INPUT FOR THIS TASK:
○ ○ ○ ○
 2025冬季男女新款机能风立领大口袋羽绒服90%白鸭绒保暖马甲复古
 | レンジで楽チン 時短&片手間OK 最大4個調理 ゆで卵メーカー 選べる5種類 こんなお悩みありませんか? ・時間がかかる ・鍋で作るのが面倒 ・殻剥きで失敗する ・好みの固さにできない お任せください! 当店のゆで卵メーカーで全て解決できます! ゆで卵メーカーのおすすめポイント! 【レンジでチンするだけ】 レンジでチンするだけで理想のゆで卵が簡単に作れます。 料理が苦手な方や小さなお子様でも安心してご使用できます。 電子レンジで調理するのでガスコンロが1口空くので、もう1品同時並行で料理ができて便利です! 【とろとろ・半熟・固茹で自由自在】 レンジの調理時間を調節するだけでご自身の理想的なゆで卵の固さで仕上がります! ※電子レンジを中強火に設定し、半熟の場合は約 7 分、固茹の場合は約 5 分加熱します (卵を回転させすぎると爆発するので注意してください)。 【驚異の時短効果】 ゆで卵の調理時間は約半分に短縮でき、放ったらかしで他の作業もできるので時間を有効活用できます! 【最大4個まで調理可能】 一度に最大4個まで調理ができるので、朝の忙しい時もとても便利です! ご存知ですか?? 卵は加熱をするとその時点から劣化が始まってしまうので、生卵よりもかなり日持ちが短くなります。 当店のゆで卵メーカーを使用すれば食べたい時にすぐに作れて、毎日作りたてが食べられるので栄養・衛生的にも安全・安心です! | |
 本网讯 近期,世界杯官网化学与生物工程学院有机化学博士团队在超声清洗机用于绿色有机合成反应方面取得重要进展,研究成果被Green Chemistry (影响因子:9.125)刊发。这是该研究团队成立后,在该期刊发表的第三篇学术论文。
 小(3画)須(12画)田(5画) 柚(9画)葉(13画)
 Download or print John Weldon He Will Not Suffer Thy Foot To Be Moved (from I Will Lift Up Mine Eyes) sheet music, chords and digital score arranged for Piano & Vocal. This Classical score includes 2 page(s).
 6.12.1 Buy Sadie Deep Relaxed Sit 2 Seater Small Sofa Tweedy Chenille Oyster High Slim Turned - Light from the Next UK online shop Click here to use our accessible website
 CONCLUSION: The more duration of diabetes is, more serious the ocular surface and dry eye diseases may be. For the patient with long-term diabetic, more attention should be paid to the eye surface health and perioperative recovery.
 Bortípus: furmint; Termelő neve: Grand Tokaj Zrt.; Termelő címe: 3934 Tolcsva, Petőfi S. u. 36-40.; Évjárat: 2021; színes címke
○ ○ ○ ○
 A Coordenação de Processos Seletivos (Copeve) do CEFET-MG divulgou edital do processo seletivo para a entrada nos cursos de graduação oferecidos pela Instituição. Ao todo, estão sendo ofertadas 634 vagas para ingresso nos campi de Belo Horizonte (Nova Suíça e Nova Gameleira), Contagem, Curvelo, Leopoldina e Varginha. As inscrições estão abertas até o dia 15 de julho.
○ ○ ○ ○
EXERCISE GOAL: Restate word for word the entries above, starting at the line with "当店のゆで卵メーカーを使用すれば食べたい時にすぐに作れて、毎日作りたてが食べられるので栄養・衛生的にも安全・安心です! | |" and ending at the line with "Download or print", inclusive, and no others.

WRITTEN RESPONSE:
 | レンジで楽チン 時短&片手間OK 最大4個調理 ゆで卵メーカー 選べる5種類 こんなお悩みありませんか? ・時間がかかる ・鍋で作るのが面倒 ・殻剥きで失敗する ・好みの固さにできない お任せください! 当店のゆで卵メーカーで全て解決できます! ゆで卵メーカーのおすすめポイント! 【レンジでチンするだけ】 レンジでチンするだけで理想のゆで卵が簡単に作れます。 料理が苦手な方や小さなお子様でも安心してご使用できます。 電子レンジで調理するのでガスコンロが1口空くので、もう1品同時並行で料理ができて便利です! 【とろとろ・半熟・固茹で自由自在】 レンジの調理時間を調節するだけでご自身の理想的なゆで卵の固さで仕上がります! ※電子レンジを中強火に設定し、半熟の場合は約 7 分、固茹の場合は約 5 分加熱します (卵を回転させすぎると爆発するので注意してください)。 【驚異の時短効果】 ゆで卵の調理時間は約半分に短縮でき、放ったらかしで他の作業もできるので時間を有効活用できます! 【最大4個まで調理可能】 一度に最大4個まで調理ができるので、朝の忙しい時もとても便利です! ご存知ですか?? 卵は加熱をするとその時点から劣化が始まってしまうので、生卵よりもかなり日持ちが短くなります。 当店のゆで卵メーカーを使用すれば食べたい時にすぐに作れて、毎日作りたてが食べられるので栄養・衛生的にも安全・安心です! | |
 本网讯 近期,世界杯官网化学与生物工程学院有机化学博士团队在超声清洗机用于绿色有机合成反应方面取得重要进展,研究成果被Green Chemistry (影响因子:9.125)刊发。这是该研究团队成立后,在该期刊发表的第三篇学术论文。
 小(3画)須(12画)田(5画) 柚(9画)葉(13画)
 Download or print John Weldon He Will Not Suffer Thy Foot To Be Moved (from I Will Lift Up Mine Eyes) sheet music, chords and digital score arranged for Piano & Vocal. This Classical score includes 2 page(s).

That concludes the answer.